# Gallery > Finished Maps >  Northwest Sofeä: a Cartographer's log

## Jeffmaster223

*Exerpt from the cartographer's diary:*


{Written beginning FA. 211, 5, 27.}

Under the Directive of the United Carldoms of Josefina,

Lead by Josay Carlschild,

Mapped by Ribbin Tuhare,

The Second Expedition to the rumored continent Sofeä.

THIS is the sixteenth sketch of the coast and immediately surrounding areas of Sofeä. This specific region, which we have named in accordance with the exploratory tradition of its specific landform followed by a number, is the second or third (depending on whom you ask) continuation of the Coastal Plain no. 16. Though it was midyear that we landed here, winds were bitter and fierce. The mighty Paltna was cold but the current was strong; along the coast much fine-grained sediment muddied the otherwise quite clear ocean.

We came upon this location first on the Twenty-Seventh Day, of the Fifth Month, of the Two-Hundred and Eleventh [Year] of the Fourth Age. Director Carlschild initially selected a location just south of the mouth of Bay no. 215 to make landfall, but swift currents and rapidly accumulating sediment made the decision too unsafe. We studied four potential landing sites, but Mother Satorum left us for the night, and so we stayed anchored just outside the mouth of Bay no. 215.

On the Twenty-Eighth Day of the Fifth Month, Director Carlschild selected a second landing site just to the North and East of the previously failed landing site. The conditions were far better than those of the previous day, and so we made landfall.

------------------------------------------------------------------------------------------------------------------------------------------------------------------------------------------------------

Please let me know if I could do anything better, while also maintaining this style. Thank you!

----------


## DrWho42

loving this so far! is this part of an alternate world fantasy since that is my favourite genre

----------


## Falconius

Very cool.  I think the style is spot on.

----------


## KMAlexander

I really like the attention to detail, like the little notes scattered around.

----------


## Jeffmaster223

> loving this so far! is this part of an alternate world fantasy since that is my favourite genre


Oh yeah, it's a map of a fantasy world I've been conjuring up since I was a kid. I have more maps on it on Reddit and Deviantart!

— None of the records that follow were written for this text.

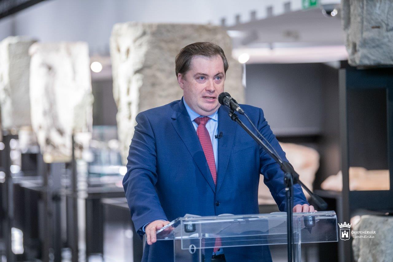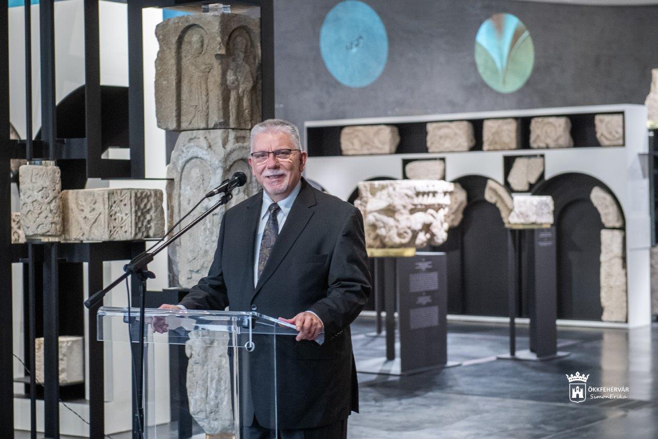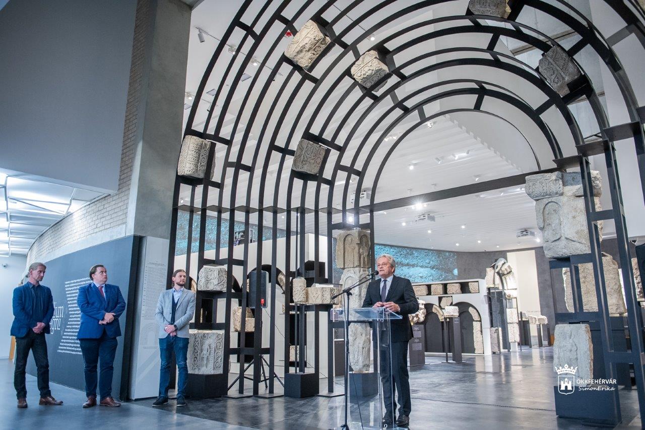 Székesfehérvár alpolgármestere kiemelte, olyan helyen állunk, ahol egy hajdani templomból összegyűjttetett mindaz, ami szétdobáltatott az idők során. Egy olyan kiállítást nyitunk most meg, amely ezt a templomot a legnagyobb, legszebb állapotában idézi meg. „Ha csak hagyjuk megtörténni, hogy egy minden értelemben felépült kultúra felszámolja saját magát, nem vagyunk igazából mérhetetlenül felelőtlenek? Ha csak hagyjuk, hogy az ország origója egy gödör legyen, ne pedig egy torony, akkor vajon fogjuk-e valaha felemelni a fejünket, és az égre tekinteni?” – tette fel a kérdést Székesfehérvár alpolgármestere, aki kiemelte, „küldetésünk van az összegyűjtésre, az építésre. Lépjünk túl a pusztuláson és alkossunk teret! Hittel, hogy felemel, reménnyel, hogy van jövő és szeretettel, hogy minden ember javára váljon.”
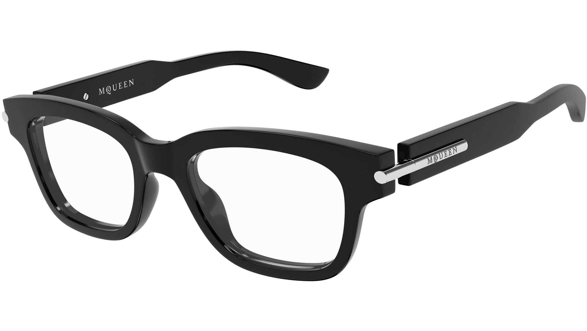 Occhiali da vista Alexander McQueen T-Bar modello AM0497O in acetato riciclato rettangolari codice colore 005 nero lucido tinta unita con aste nero e lenti demo. Rivenditore autorizzato Alexander McQueen online. Gli occhiali vengono consegnati con custodia e accessori originali e sono coperti dalla garanzia ufficiale di 12 mesi del produttore.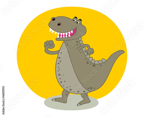 Obraz premium Smiling grey crocodile dinosaur with large pointed teeth and yellow decoration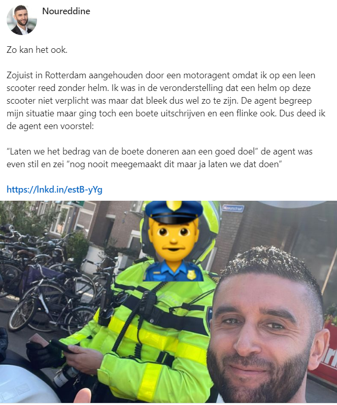 Als je door de politie een boete krijgt uitgedeeld, kom je daar meestal niet zo makkelijk meer onderuit. Toch wist Noureddine een bijzondere deal te sluiten met de agent die hem bekeurde voor het scooterrijden zonder helm. In een bericht dat inmiddels viral gaat op LinkedIn legt hij uit met welk idee hij een positieve draai aan de situatie wist te geven.

> Very cool.  I think the style is spot on.


Thank you!




> I really like the attention to detail, like the little notes scattered around.


Thanks! There's a few little easter eggs in there.

----------


## Tiana

It's a great style, I agree it's spot on.

----------


## Ilanthar

Very nice! We don't often see this kind of regional maps. The maritime chart/exploration map feel is great.

----------